#### Directions for this task
Omit pictures and quote the listing below line by line, from its start through the line that holds "Under Windows, you".

#### Source records
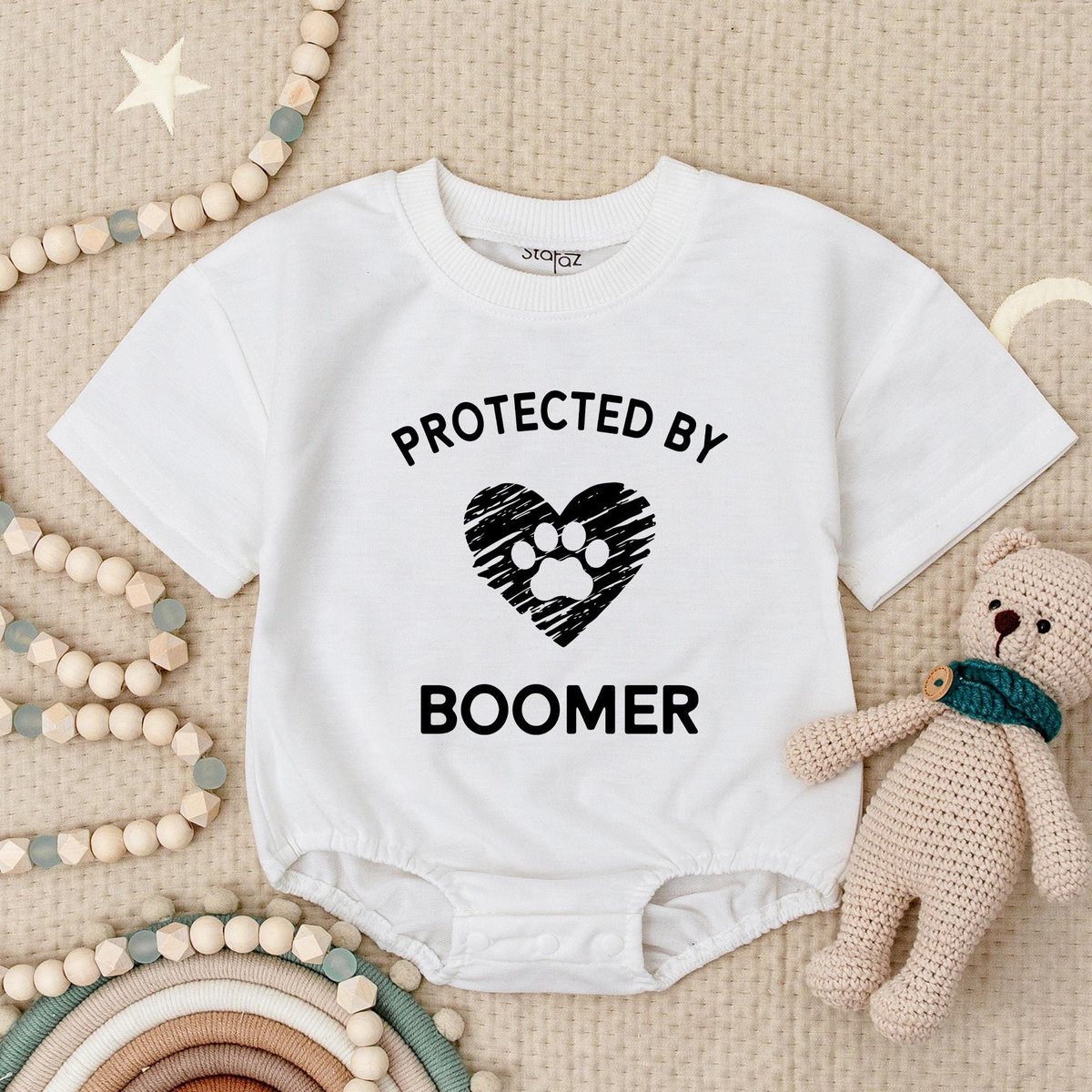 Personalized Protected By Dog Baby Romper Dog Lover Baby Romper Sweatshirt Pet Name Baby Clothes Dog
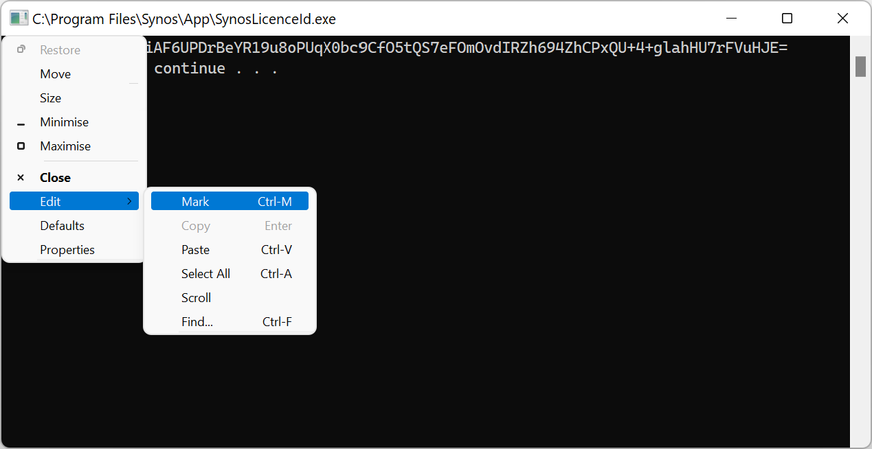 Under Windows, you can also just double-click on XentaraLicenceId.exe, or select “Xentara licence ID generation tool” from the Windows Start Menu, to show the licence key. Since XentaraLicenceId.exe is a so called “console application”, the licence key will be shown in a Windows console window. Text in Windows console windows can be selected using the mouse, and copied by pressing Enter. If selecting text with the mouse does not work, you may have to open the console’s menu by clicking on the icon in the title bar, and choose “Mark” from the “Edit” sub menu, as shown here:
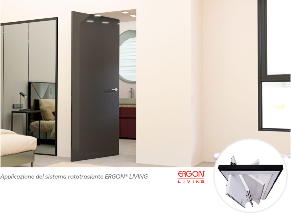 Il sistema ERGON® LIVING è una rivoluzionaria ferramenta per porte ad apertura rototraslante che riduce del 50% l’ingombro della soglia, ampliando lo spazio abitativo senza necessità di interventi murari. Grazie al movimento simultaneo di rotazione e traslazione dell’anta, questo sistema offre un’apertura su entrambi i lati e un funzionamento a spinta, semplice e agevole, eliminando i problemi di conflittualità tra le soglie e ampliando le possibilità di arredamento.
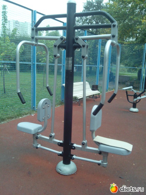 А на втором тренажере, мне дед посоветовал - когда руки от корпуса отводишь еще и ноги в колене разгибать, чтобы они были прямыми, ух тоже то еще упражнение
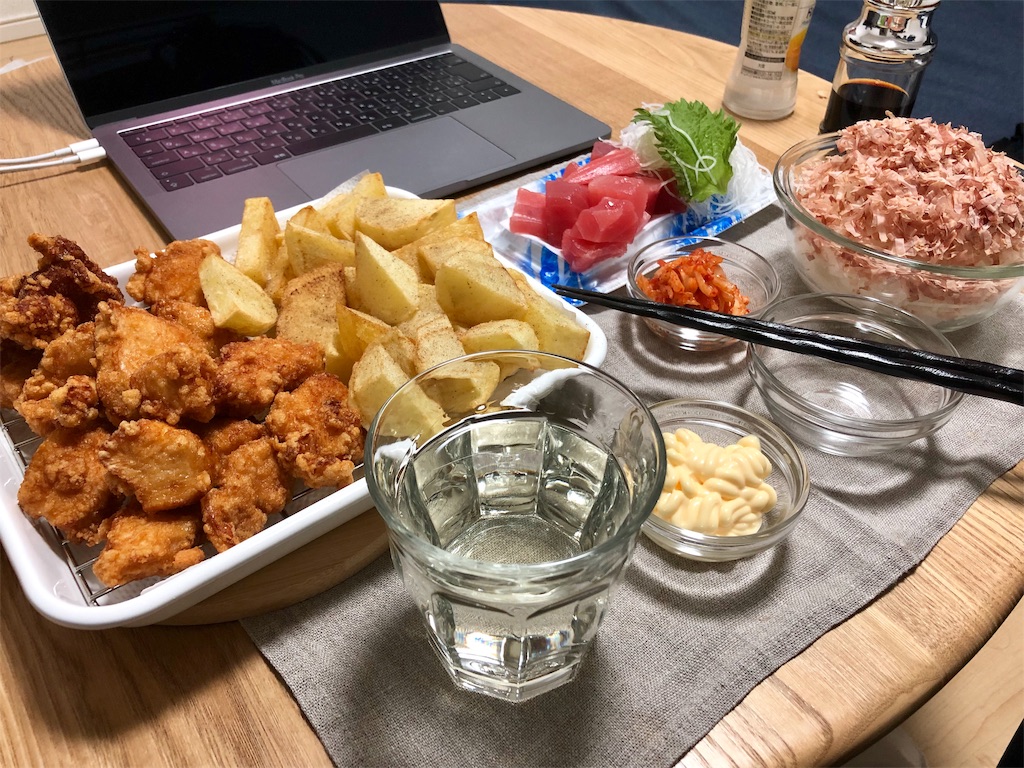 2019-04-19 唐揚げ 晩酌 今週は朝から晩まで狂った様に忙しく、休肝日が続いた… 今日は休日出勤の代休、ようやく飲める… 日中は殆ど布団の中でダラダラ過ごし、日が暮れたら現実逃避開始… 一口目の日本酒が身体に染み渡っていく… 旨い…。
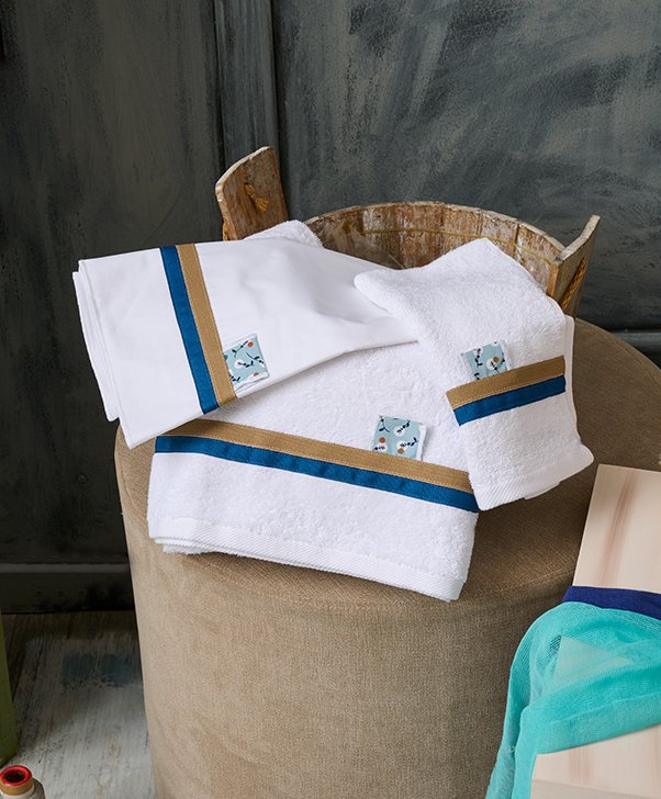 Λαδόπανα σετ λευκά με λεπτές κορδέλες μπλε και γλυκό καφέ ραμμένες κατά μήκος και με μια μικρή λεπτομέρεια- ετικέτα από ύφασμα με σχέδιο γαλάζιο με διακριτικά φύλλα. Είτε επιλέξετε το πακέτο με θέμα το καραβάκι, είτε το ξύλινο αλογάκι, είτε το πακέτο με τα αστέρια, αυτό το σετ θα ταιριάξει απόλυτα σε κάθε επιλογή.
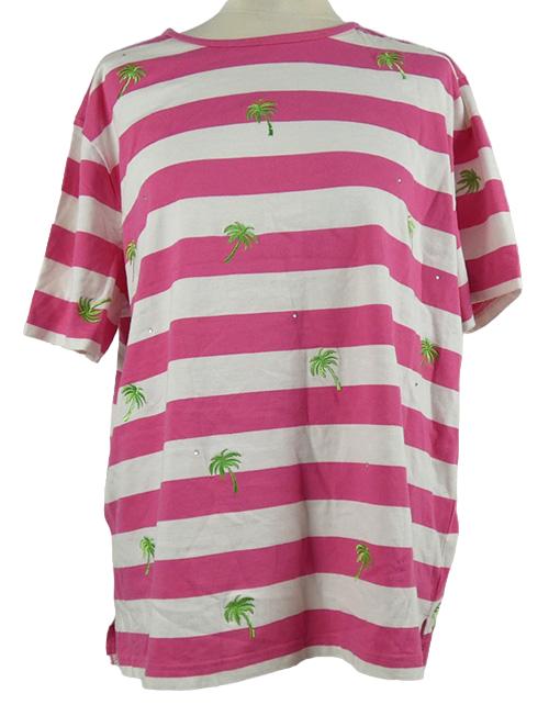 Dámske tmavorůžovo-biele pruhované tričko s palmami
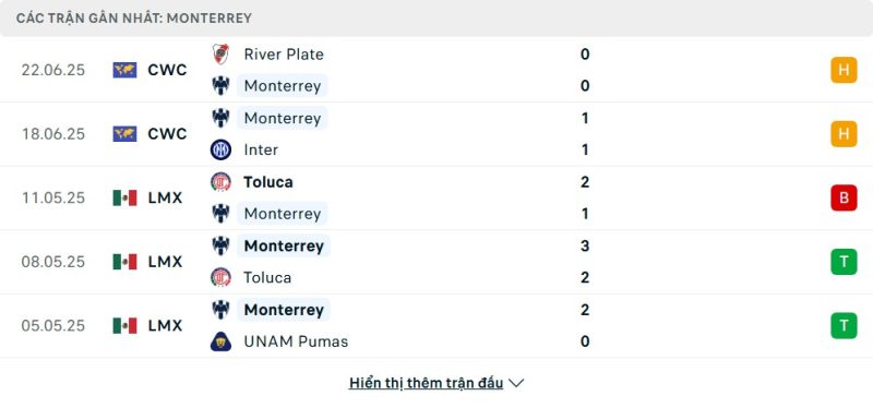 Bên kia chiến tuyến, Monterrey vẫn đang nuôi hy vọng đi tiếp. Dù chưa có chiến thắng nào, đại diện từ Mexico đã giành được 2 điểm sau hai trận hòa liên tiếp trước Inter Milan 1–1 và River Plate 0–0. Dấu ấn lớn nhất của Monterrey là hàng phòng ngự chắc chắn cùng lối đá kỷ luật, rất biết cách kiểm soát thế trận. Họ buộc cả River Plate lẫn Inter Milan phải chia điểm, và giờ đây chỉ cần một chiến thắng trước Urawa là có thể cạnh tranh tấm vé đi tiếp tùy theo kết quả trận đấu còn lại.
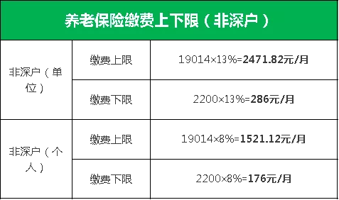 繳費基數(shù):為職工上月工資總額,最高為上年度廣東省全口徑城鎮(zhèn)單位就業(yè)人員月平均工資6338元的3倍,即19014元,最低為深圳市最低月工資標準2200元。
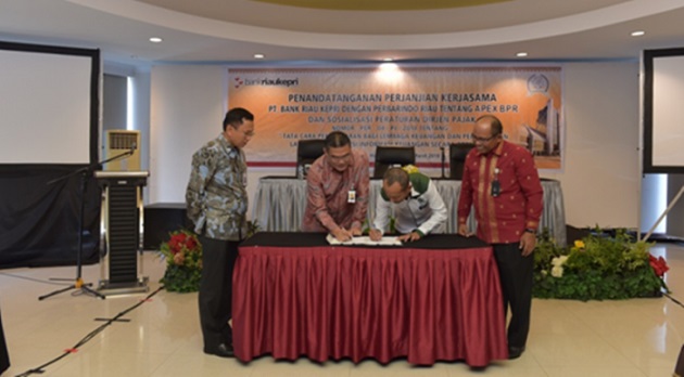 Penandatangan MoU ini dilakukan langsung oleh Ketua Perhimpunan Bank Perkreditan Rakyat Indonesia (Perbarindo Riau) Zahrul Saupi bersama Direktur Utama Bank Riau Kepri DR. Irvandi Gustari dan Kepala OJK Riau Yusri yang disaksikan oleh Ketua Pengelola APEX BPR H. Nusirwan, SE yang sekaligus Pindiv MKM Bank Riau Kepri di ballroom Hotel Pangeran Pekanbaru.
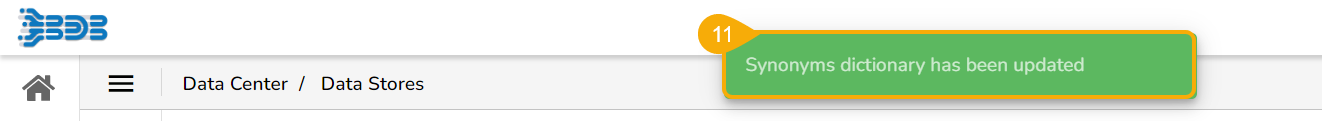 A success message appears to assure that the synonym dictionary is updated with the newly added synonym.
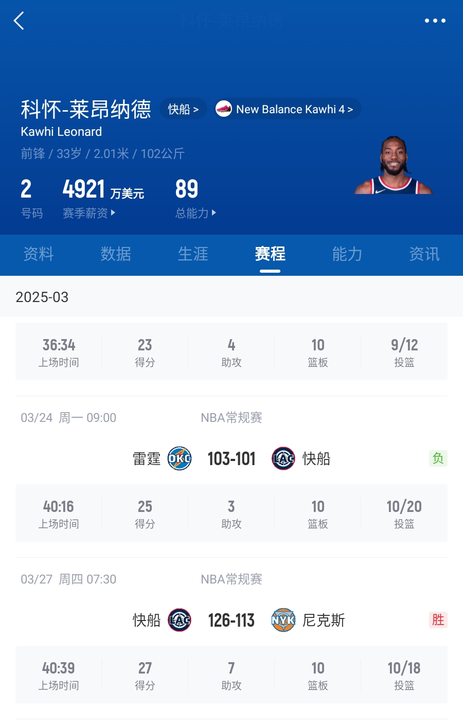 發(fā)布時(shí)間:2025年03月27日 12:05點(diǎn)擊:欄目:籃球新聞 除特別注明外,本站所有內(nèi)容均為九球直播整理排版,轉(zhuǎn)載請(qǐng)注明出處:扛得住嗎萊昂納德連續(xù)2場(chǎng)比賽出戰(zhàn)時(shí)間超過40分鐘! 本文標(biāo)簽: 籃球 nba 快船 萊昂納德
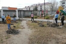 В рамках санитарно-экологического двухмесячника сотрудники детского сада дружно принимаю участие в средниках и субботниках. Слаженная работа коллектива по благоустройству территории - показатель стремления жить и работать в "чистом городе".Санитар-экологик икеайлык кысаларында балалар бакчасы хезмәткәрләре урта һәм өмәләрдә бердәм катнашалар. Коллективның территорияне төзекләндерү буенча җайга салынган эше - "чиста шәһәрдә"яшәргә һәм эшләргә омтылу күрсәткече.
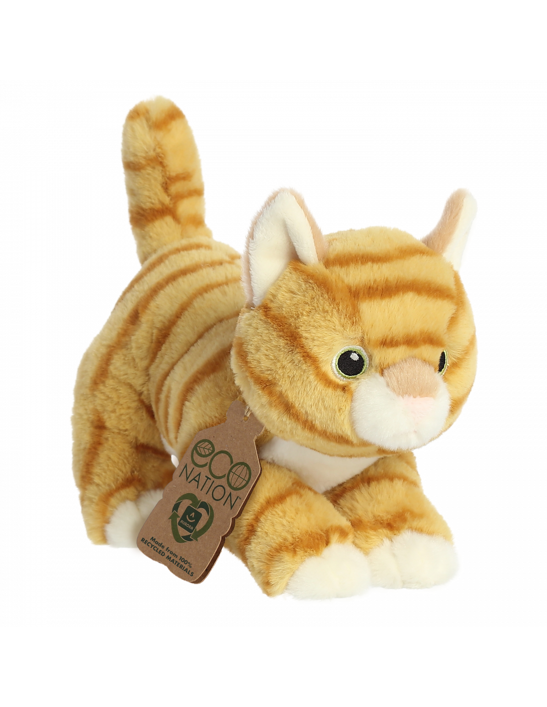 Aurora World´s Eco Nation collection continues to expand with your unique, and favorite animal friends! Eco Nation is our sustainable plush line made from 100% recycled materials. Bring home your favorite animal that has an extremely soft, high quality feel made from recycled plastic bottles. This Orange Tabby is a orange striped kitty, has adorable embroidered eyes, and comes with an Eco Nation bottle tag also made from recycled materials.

#### Result of the task
 Personalized Protected By Dog Baby Romper Dog Lover Baby Romper Sweatshirt Pet Name Baby Clothes Dog
 Under Windows, you can also just double-click on XentaraLicenceId.exe, or select “Xentara licence ID generation tool” from the Windows Start Menu, to show the licence key. Since XentaraLicenceId.exe is a so called “console application”, the licence key will be shown in a Windows console window. Text in Windows console windows can be selected using the mouse, and copied by pressing Enter. If selecting text with the mouse does not work, you may have to open the console’s menu by clicking on the icon in the title bar, and choose “Mark” from the “Edit” sub menu, as shown here:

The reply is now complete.